Okay so we already saw this slide. You have your energy cycle, we feed in…we feed into the mitochondrial membrane and we bounce electrons back and forth in the process we generate an energy gradient that drive our APT. Estrogen increases the efficiency of this, okay. So it’s helping the mitochondria to do a better job with energy generation. But it also helps to control calcium levels. And recall that too much calcium with glutamate that we just talked about can create excitotoxin damage in the body and damage to the nerves. So it’s critical to keep that calcium under control. Also in the absence of estrogen we don’t do as good a job of dealing with calcium regulation or reactive oxygen species, and so is the role of estrogen critical in helping to protect females to a certain except relative to males? So as a result I have added in a few more snips to the panel. The PEMT…aahm…snips because they are reactive to estrogen in the body, and we’ll look at that in a moment. So again we are looking at the role of estrogen in helping the body to hang on to and deal with calcium so we’re not ending up with calcium damage. And again we just talked about all that oxidative damage and estrogen’s playing a role there also.  And well…well calcium may not be the main cause of some of the problems we see, it’s a critical part of the cascade that causes abnormalities.
This is just to illustrate how interrelated and connected calcium signaling is. Again to reiterate for you the roles that calcium can play and the voltage gated channel – this is what’s being talked about in the Times article – the voltage gated calcium channel. A genetic clue as to why autism affects more boys than girls and we’re looking at a voltage gated calcium channel. And again remember I just finished telling you that estrogen helps your body to control calcium, and that the way we open and close these voltage gated channels is by the energy we generate through that mitochondrial membrane which in the process of generating that energy, we create reactive oxygen species. And estrogen is one of the pieces that helps us to control those reactive oxygen species, which are then exacerbated by things like aluminum and nickel in the body.

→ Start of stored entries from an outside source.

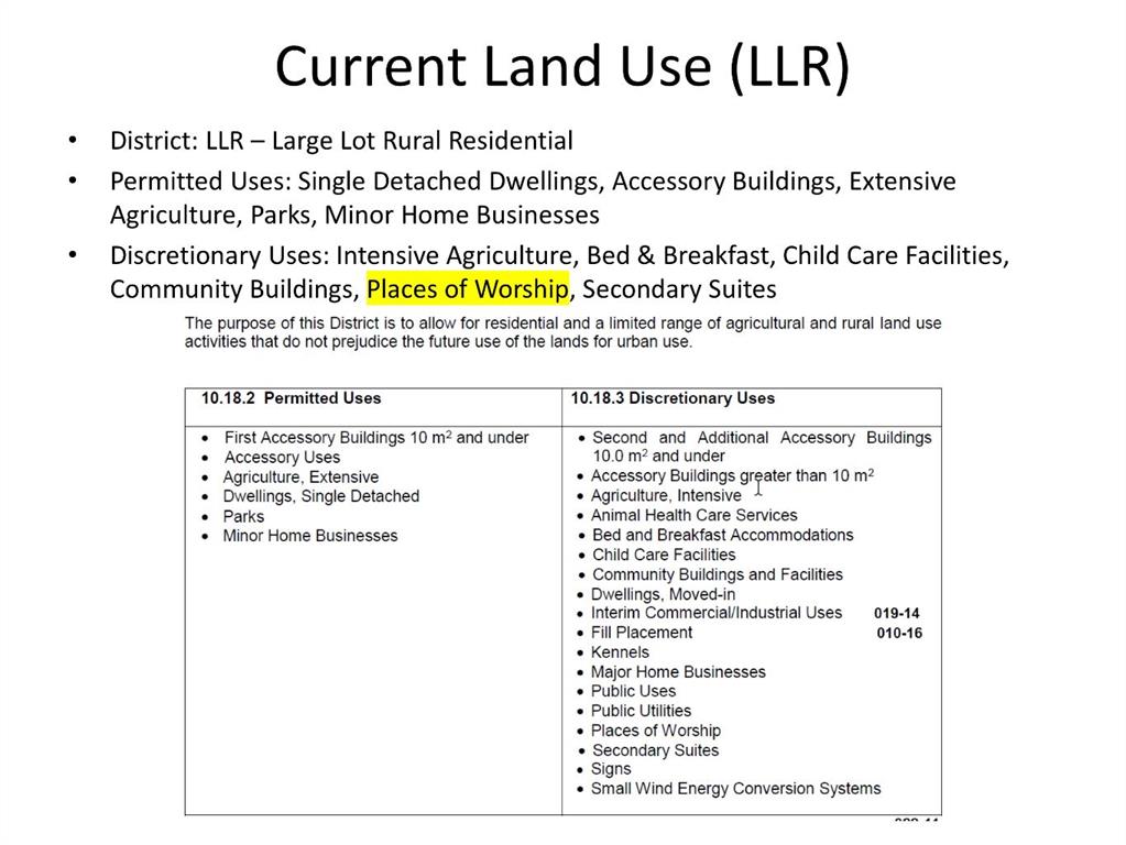 Currently zoned LLR, Large Lot Rural Residential, the land permits single detached homes, accessory buildings, and agriculture, with discretionary uses such as child-care facilities, B&B operations, community buildings, and places of worship. A land use redesignation is already underway, proposing: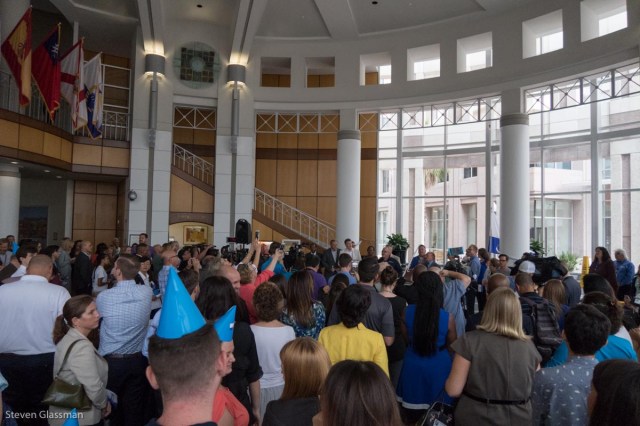 The flag raising was supposed to be outside, but Tropical Storm Emily spun up off the left coast of Florida this morning, and that forced a change. They made the best of it, though, and put a fan behind the flag to make it flap in the “breeze” after it was raised. Incidentally, the man in the beige suit is Mayor Buddy Dyer. I’ve seen him speak a few times now, and he seems like a pretty good guy.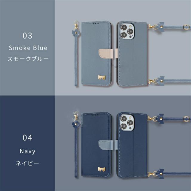 スマホショルダー ICカード収納 斜め掛け 首掛け iPhone16e iPhone SE 第3世代 リボン iPhone17 16 iPhone15 Pro iPhone14 iPhone13 iPhone12 ケース 手帳型 携帯ケース かわいい 可愛い アイフォン 11pro max XS MAX XR XS 7PLUS/8PLUS ショルダー タイプ 淡色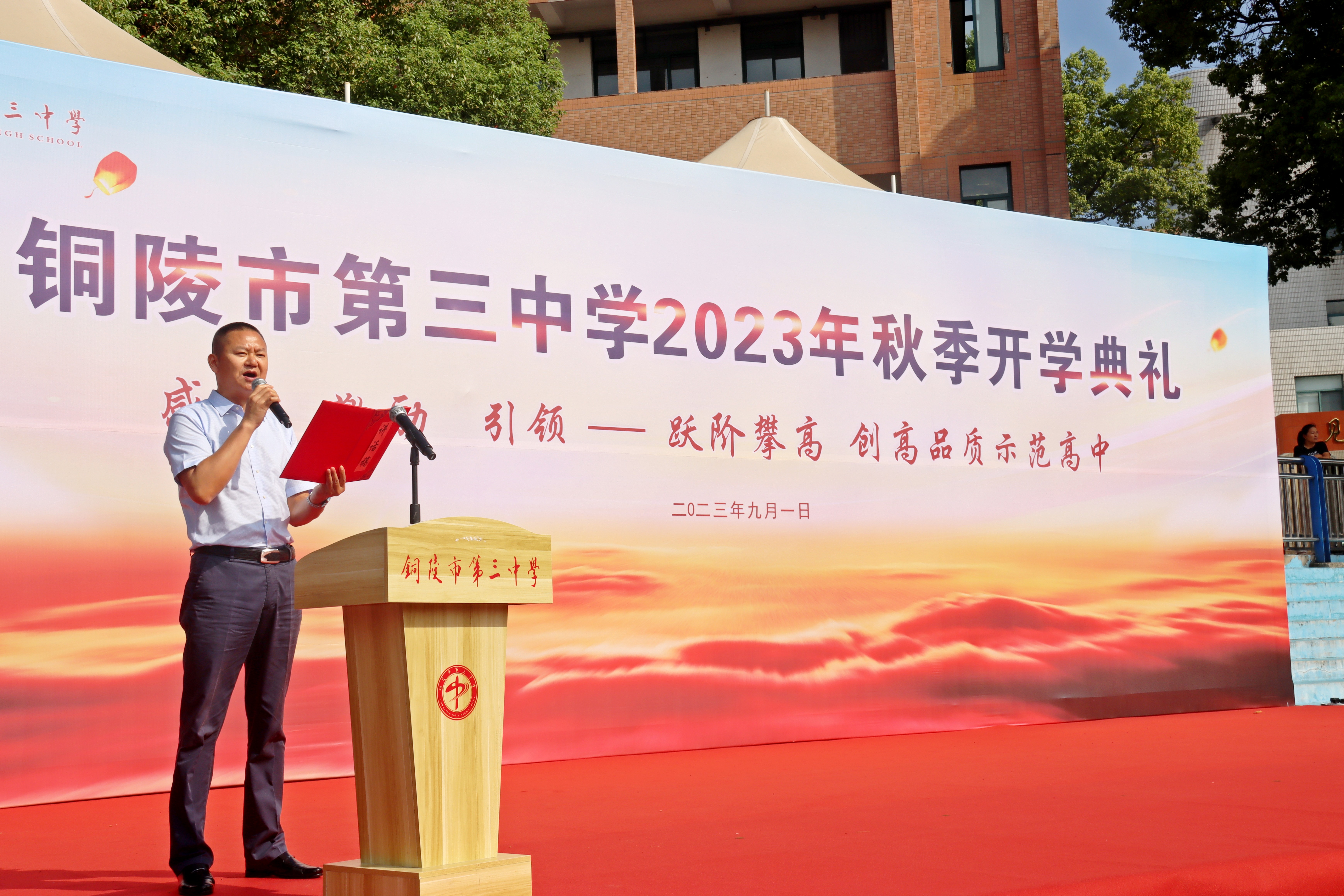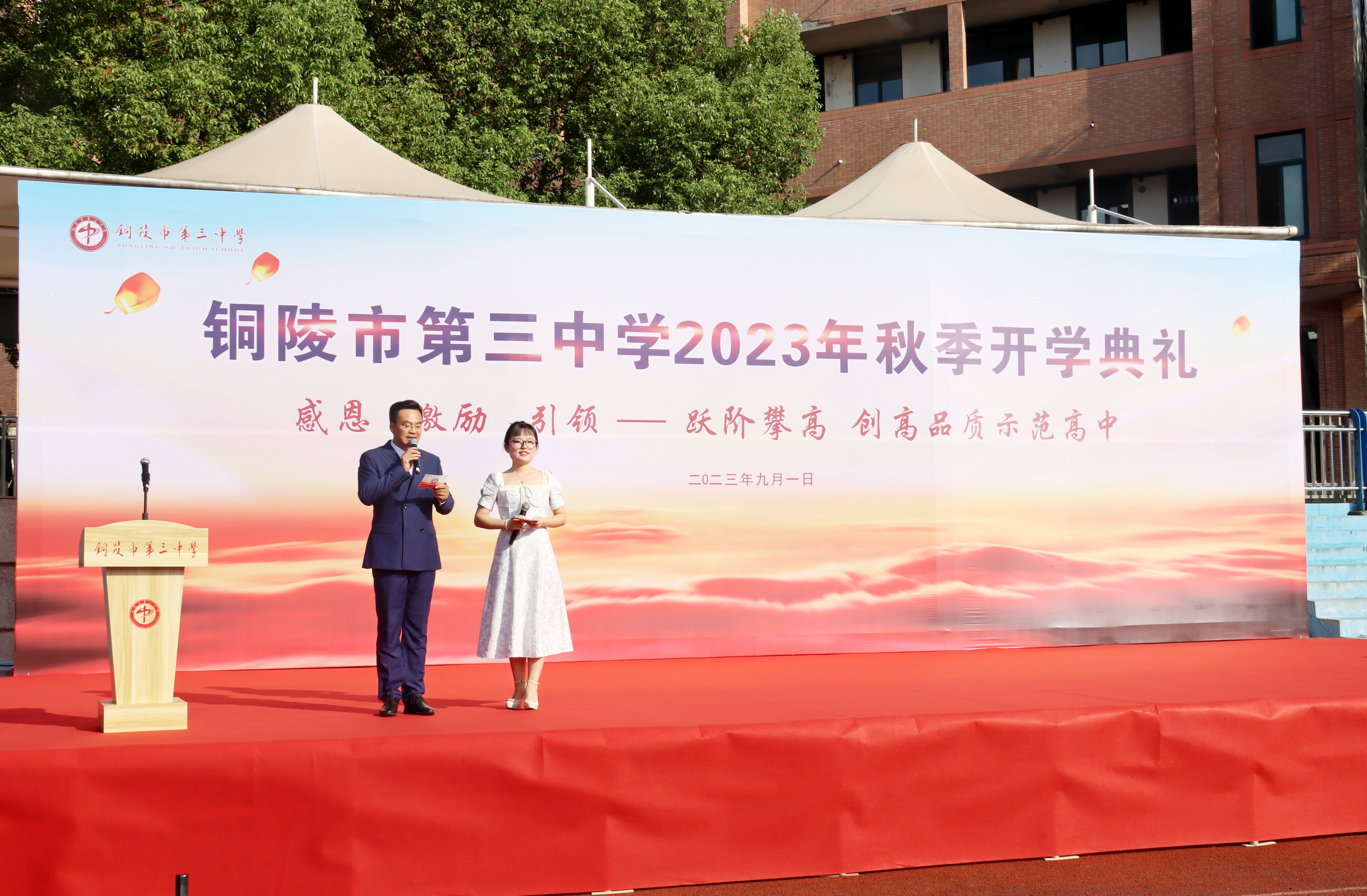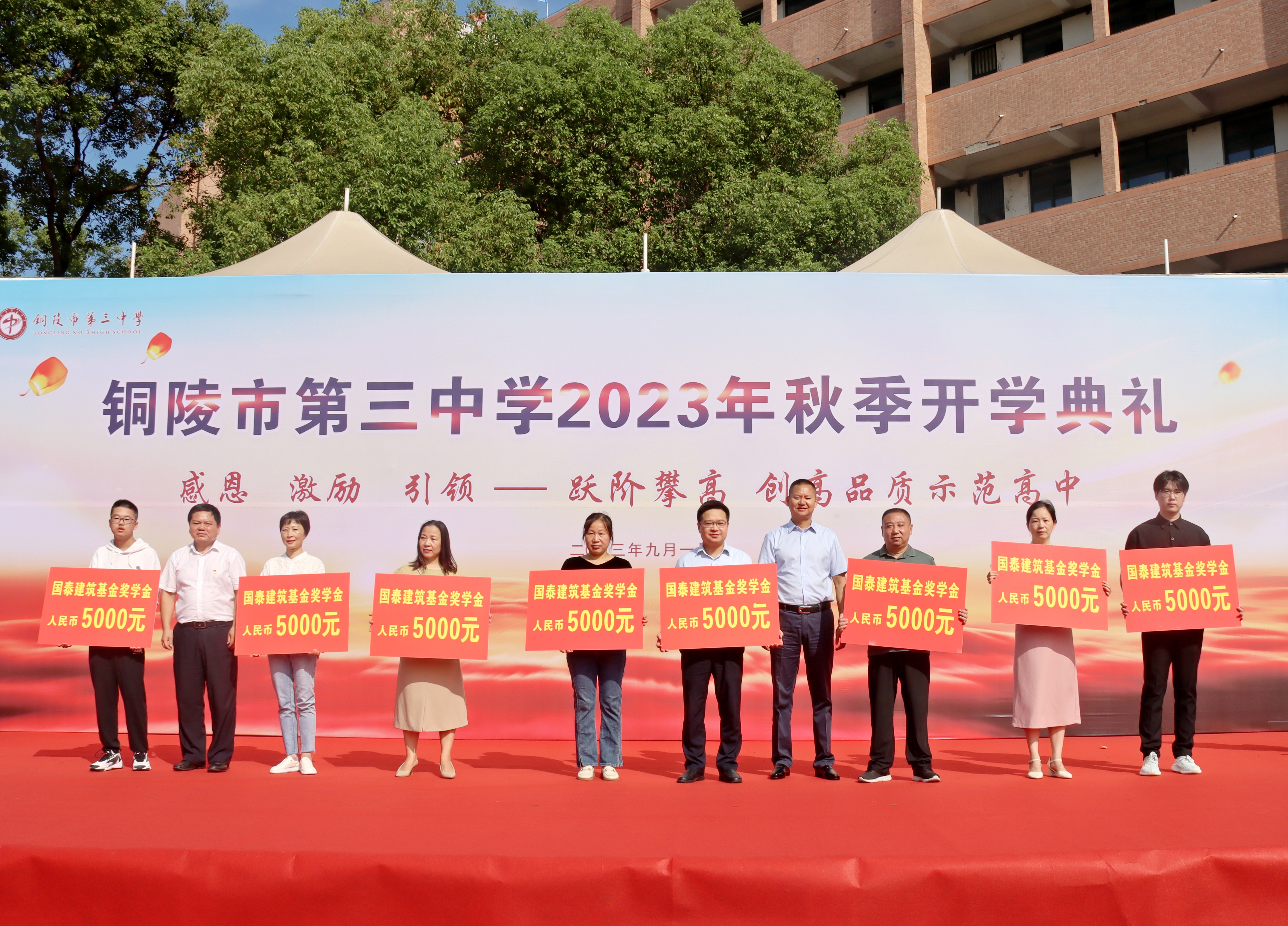 2023年9月1日上午,銅陵市第三中學(xué) 2023 年秋季開學(xué)典禮暨國泰建筑勵(lì)志獎(jiǎng)學(xué)金頒獎(jiǎng)儀式圓滿落幕。市三中校黨委副書記、副校長王合進(jìn),校黨委副書記張國榮,校黨委委員、副校長章學(xué)標(biāo),校黨委委員、副校長徐松成及全體三中師生參加活動(dòng)。國泰建筑董事長張自州應(yīng)邀出席。

Tying everything back together again, if we look at that specific voltage gated calcium channel, it is controlled by methylation. Ok so take a minute and think about this. If you have mutations in your methylation cycle and the cycle isn’t working properly, aside from what I just told you about the role it plays with respect to methionine, we also can’t control the voltage gated calcium channel properly, that we already know from the article that came out this past week, appears to play a role in terms of the problem of autism in males. And then layer in the affects of estrogen, aluminum reactive oxygen species as well as a needing to look at the role of the methylation cycle. And so that’s why we look at that pie chart, I am assuming you’re looking at the nutrition, that you’re looking at the methylation cycle, that you’re looking at where you have imbalances and supporting to bypass so that we at least don’t have to worry about the role of methylation but that’s under control because we know how to deal with that. And then we can systematically look at what bacteria we have, deal with the bacteria, get rid of the metals, clean up the swamp, see those excretion of metals that we’re seeing. And that’s how we’re seeing the improvements in the recovery. And so if we look at that voltage gated calcium channel that was just talked about this past week, look at the difference when it’s unmethylated and when it’s methylated okay.